[Action item]: Find the line with "The Little Mermaid" in the records below. Copy it and every line after it, up to and including the line with "Erin's Christmas Pudding".

Provided material Start Marker

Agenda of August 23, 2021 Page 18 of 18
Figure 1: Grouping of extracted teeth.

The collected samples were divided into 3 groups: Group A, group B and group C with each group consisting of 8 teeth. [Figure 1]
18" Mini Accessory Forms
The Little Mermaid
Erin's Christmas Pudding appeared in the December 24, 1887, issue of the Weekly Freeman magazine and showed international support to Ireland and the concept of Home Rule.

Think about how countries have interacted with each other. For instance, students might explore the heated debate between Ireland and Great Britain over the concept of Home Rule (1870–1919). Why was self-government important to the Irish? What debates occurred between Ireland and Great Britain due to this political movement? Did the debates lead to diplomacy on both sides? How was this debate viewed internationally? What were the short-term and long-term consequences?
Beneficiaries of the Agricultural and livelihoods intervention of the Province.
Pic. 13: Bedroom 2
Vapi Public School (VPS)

Provided material End Marker
Provided material Start Marker

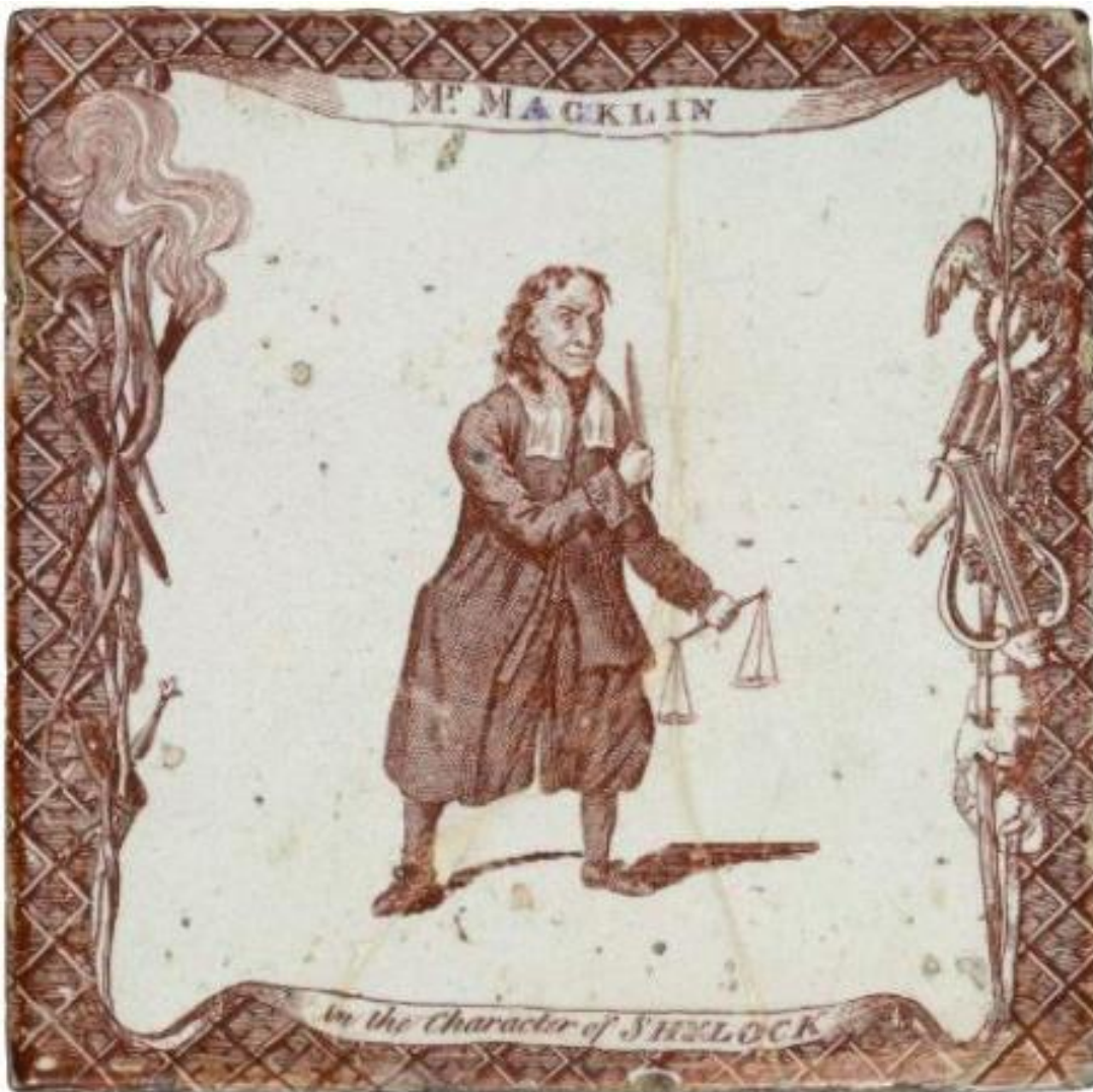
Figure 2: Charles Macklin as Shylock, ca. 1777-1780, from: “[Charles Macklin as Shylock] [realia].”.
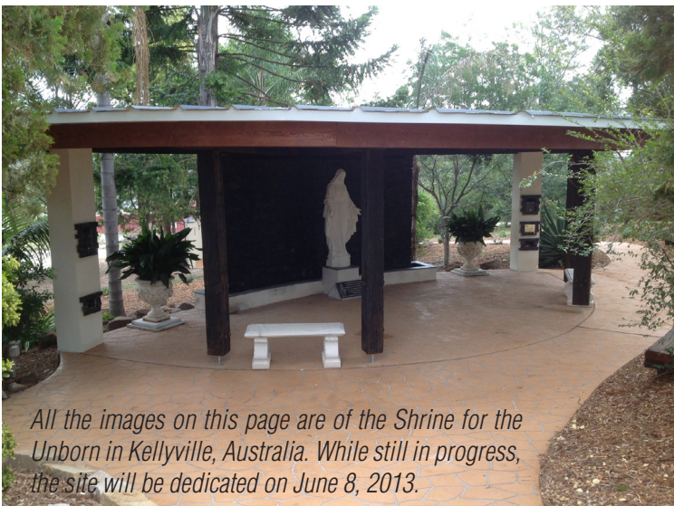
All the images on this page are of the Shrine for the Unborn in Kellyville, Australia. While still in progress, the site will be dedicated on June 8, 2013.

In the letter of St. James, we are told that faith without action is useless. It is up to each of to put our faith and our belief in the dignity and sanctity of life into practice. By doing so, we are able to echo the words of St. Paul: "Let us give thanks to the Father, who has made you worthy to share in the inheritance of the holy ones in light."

Provided material End Marker

[Finished exercise]:
The Little Mermaid
Erin's Christmas Pudding appeared in the December 24, 1887, issue of the Weekly Freeman magazine and showed international support to Ireland and the concept of Home Rule.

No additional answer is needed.